PROBLEM REQUIREMENTS.
Your reply should consist only of the lines from the one holding "Doğadan ilham alan" to the last line of the data below, written out exactly and without pictures.

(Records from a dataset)
- - -

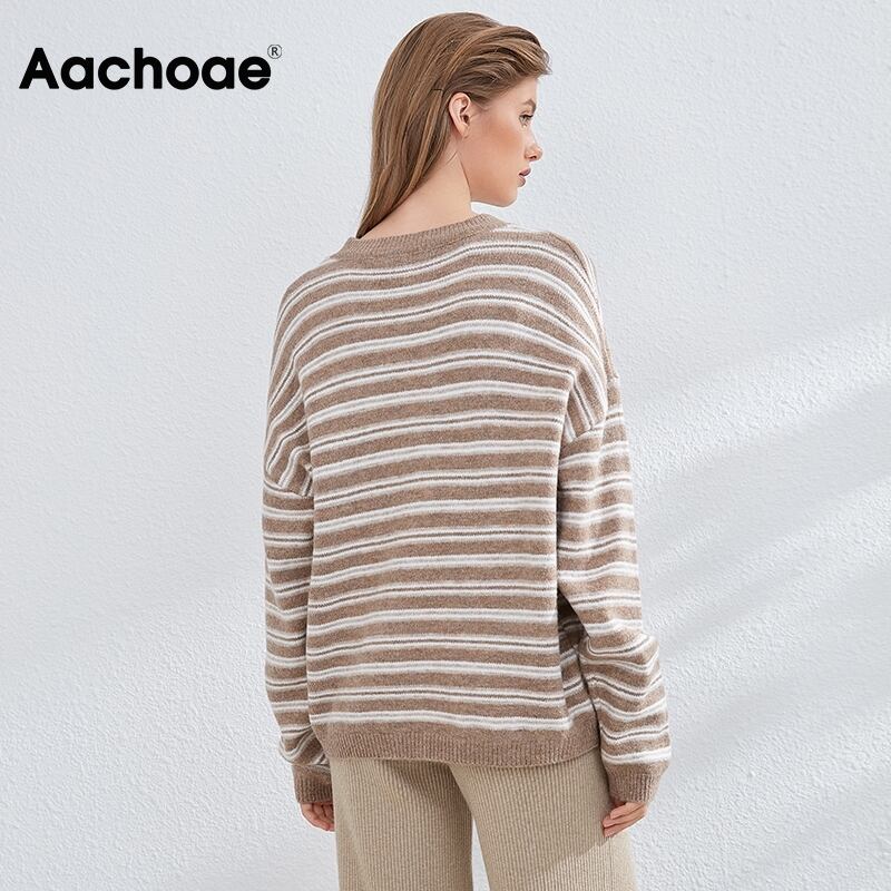 Aachoae 女性の基本的な O ネックバットウィング長袖ニットセーターシックなストライプジャンパー秋の女性ルーズセータートップス ロング オータム 秋物 Oネック aac54696966045 | city&trip
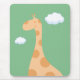 Mousepad customizável com ilustração do girafa bonito do bebê com a cabeça nas nuvens. A cor do fundo pode ser mudada.
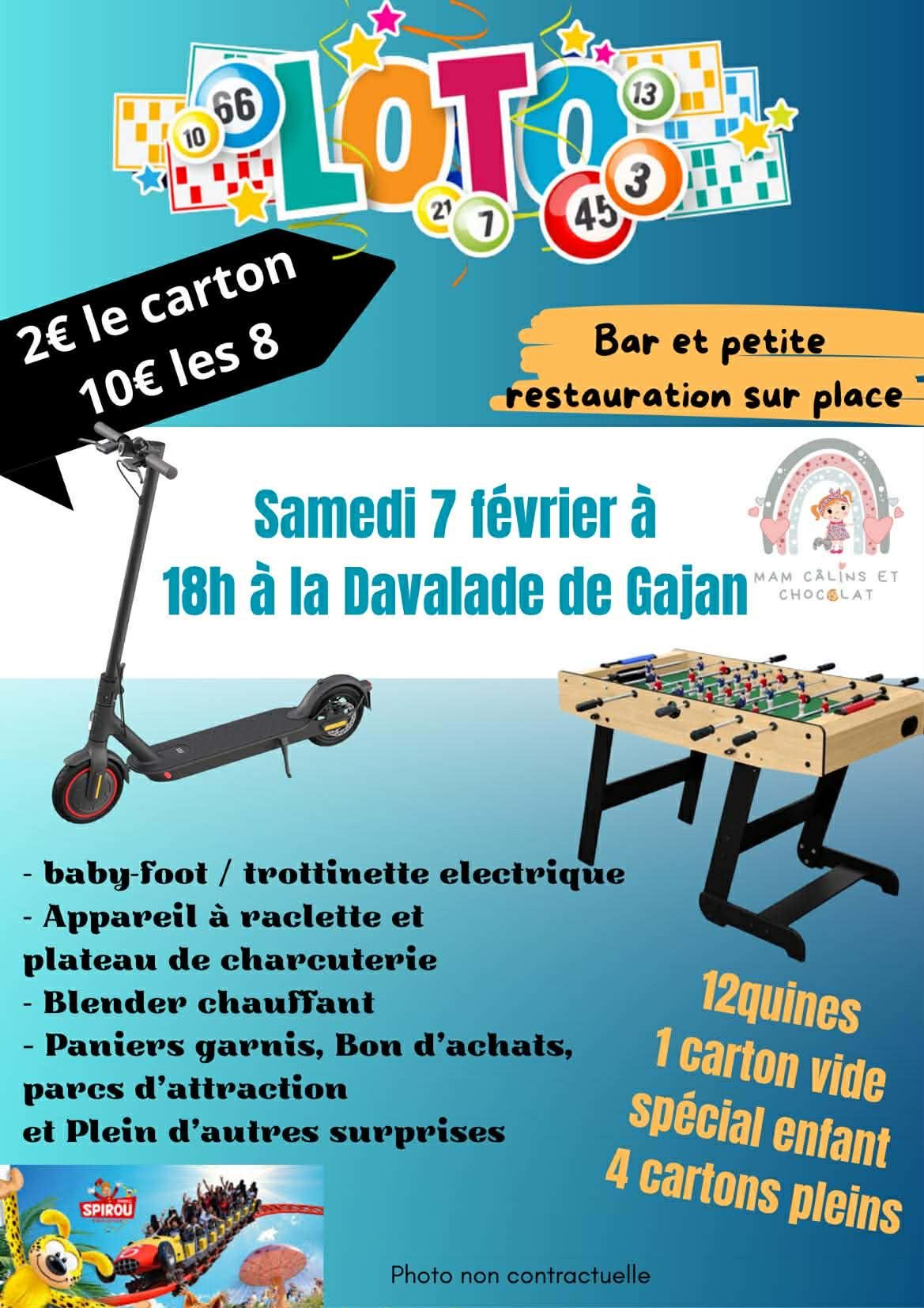 Prochains Évènements LOTO M.A.M câlins&chocolat « Tous les Évènements 7 février à 18 h 00 - 21 h 00 Détails Date : 7 février Heure : 18 h 00 - 21 h 00 Organisateur MAM Câlins et chocolat Lieu Espace la Davalade Gajan, 30730 France + Google Agenda+ Exporter vers iCal
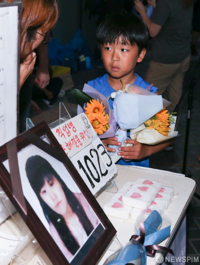 [서울=뉴스핌] 최상수 기자 = 25일 오후 서초구 삼성전자 서초사옥 앞에서 열린 반올림(반도체 노동자의 건강과 인권지킴이) 농성 해단식에서 한 어린이가 고(故) 황유미씨를 추모하기 위한 꽃다발을 들고 있다. 1023일간 지속된 농성은 지난 24일 삼성전자와 반올림 간에 중재합의를 통해 마무리됐다. 2018.07.25 kilroy023@newspim.com
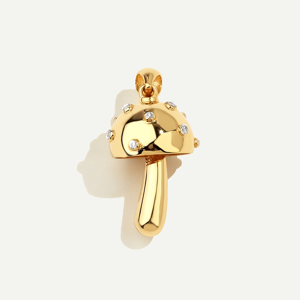 Doğadan ilham alan tasarımıyla öne çıkan 14 Ayar Altın Mantar Figürlü Taşlı Kolye Ucu, zarif işçiliği ve sevimli formuyla stilinize özgün bir dokunuş katar. Parlak taş süslemeleri ile ışıldayan bu özel parça, günlük kullanıma olduğu kadar özel anlara da uyum sağlar. Regold logolu özel kutusunda ve garanti belgesiyle sunulmaktadır.
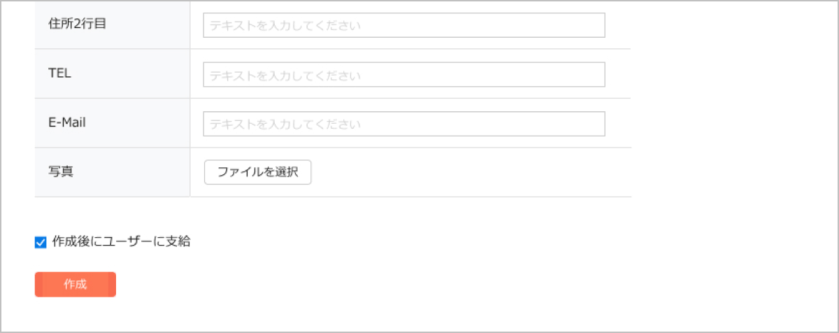 [作成後にユーザーに支給] にチェックを入れて [作成] を実行した 場合、次の画面で支給対象者を選択し支給することができます。

- - -

RESULT FOR THIS EXERCISE.
 Doğadan ilham alan tasarımıyla öne çıkan 14 Ayar Altın Mantar Figürlü Taşlı Kolye Ucu, zarif işçiliği ve sevimli formuyla stilinize özgün bir dokunuş katar. Parlak taş süslemeleri ile ışıldayan bu özel parça, günlük kullanıma olduğu kadar özel anlara da uyum sağlar. Regold logolu özel kutusunda ve garanti belgesiyle sunulmaktadır.
 [作成後にユーザーに支給] にチェックを入れて [作成] を実行した 場合、次の画面で支給対象者を選択し支給することができます。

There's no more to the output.